Find the remainder when 3^98 is divided by 5.?

Question

Find the remainder when 3^98 is divided by 5.

Answer 1

I use a shorthand Multiple_of_5 for any multiple of 5. So for example Multiple_of_5 + Multiple_of_5 = Multiple_of_5 (when you add two multiples of 5, you get a multiple of 5)


81 = 5 * 16 + 1
81^2 = (5 * 16 + 1 ) * (5 * 16 + 1) = Multiple_of_5 + 1
81^3 = (5 * 16 + 1 ) * (Multiple_of_5 + 1) = Multiple_of_5 + 1

So is easy to see that in general 81^N, where N is an integer, is Multiple_of_5 + 1.
(If you wanted a formal proof you would use induction)

3^98 = 3^96 * 3^2
= (3^4)^24 * 9
= 81^24 * 9
= (multiple_of_5 + 1) * 9
= multiple_of_5 + 9
= multiple_of_5 + 5 + 4
= multiple_of_5 + 4

So the answer is 4

After submitting the above I see that there are a bunch of other answers that all get 4. They are all correct but not really proofs; just because you see a pattern looking at the first 8 or so powers does not show that it will repeat for ever. I think with what I have above you have ironclad proof

Answer 2

Ok, let's look at a pattern here. The remainder when N is divided by M is called N mod M. So you are asking, what is 3^98 mod 5. Two things we know -- it must be a whole number between 0 and 4, and it cannot be 0 because 3^98 has no 5's as factors.
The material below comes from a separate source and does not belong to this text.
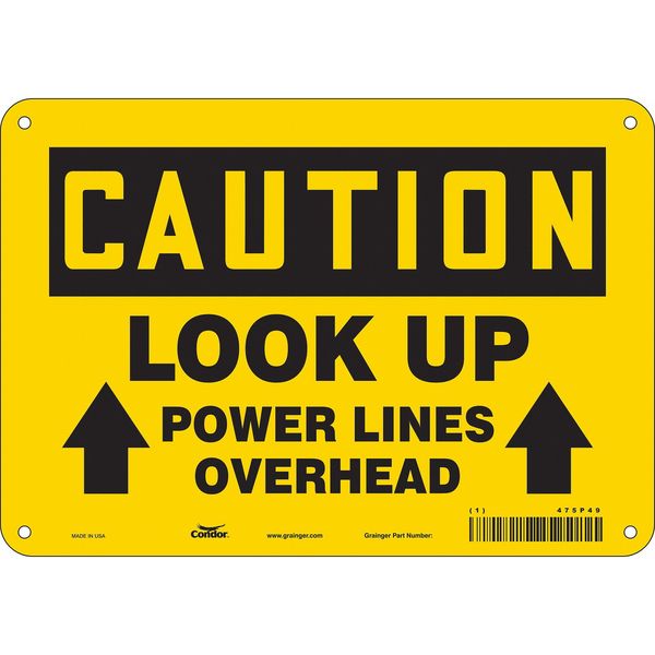 $18.74 / eachWeb priceSafety Sign, 7 in Height, 10 in Width, Aluminum, Vertical Rectangle, English, 475P49SKU G5587552Categories SafetyDescription Safety Sign, Vertical Rectangle, Number of Printed Sides 1, English, Sign Format Traditional OSHA, Sign Legend Look Up Power Lines Overhead, Sign Legend Background Color Yellow, Sign Legend Style Symbol and TextgraingerSKU: 475P49, mscSKU: , zoro_no: G5587552, mongo_id: 65bbe80722d7a989a98d1427
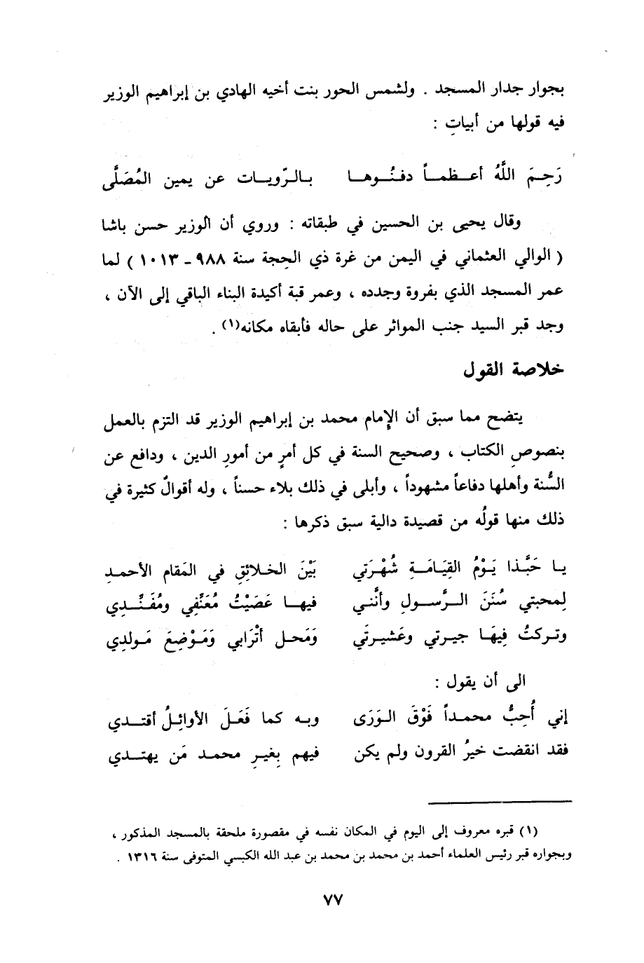 بجوار جدار المسجد. ولشمس الحور بنت أخيه الهادي بن إبراهيم الوزير فيه قولها من أبياتِ:

So let's look at some lower powers of 3 mod 5 and see if there is a pattern.
3^0 mod 5 = 1
3^1 mod 5 = 3
3^2 mod 5 = 4
3^3 mod 5 = 2
3^4 mod 5 = 1
3^5 mod 5 = 3
3^6 mod 5 = 4
3^7 mod 5 = 2
3^8 mod 5 = 1
So you see there is a cyclic pattern here, 3,4,2,1. You can define this pattern in terms of mod 4. Extening it to 98, you get 3*98 mod 5 = 4.
Interesting question here.

Answer 3

The answer is 4. You can tell because the last number of each power of three progresses as follows: 3, 9, 7, 1, 3, 9, 7, 1,...

So, you can divide 98 by four to find out where in the cycle you lie. You get something with a remainder of 2.... and that plants you on 9. So, your remainder is 4.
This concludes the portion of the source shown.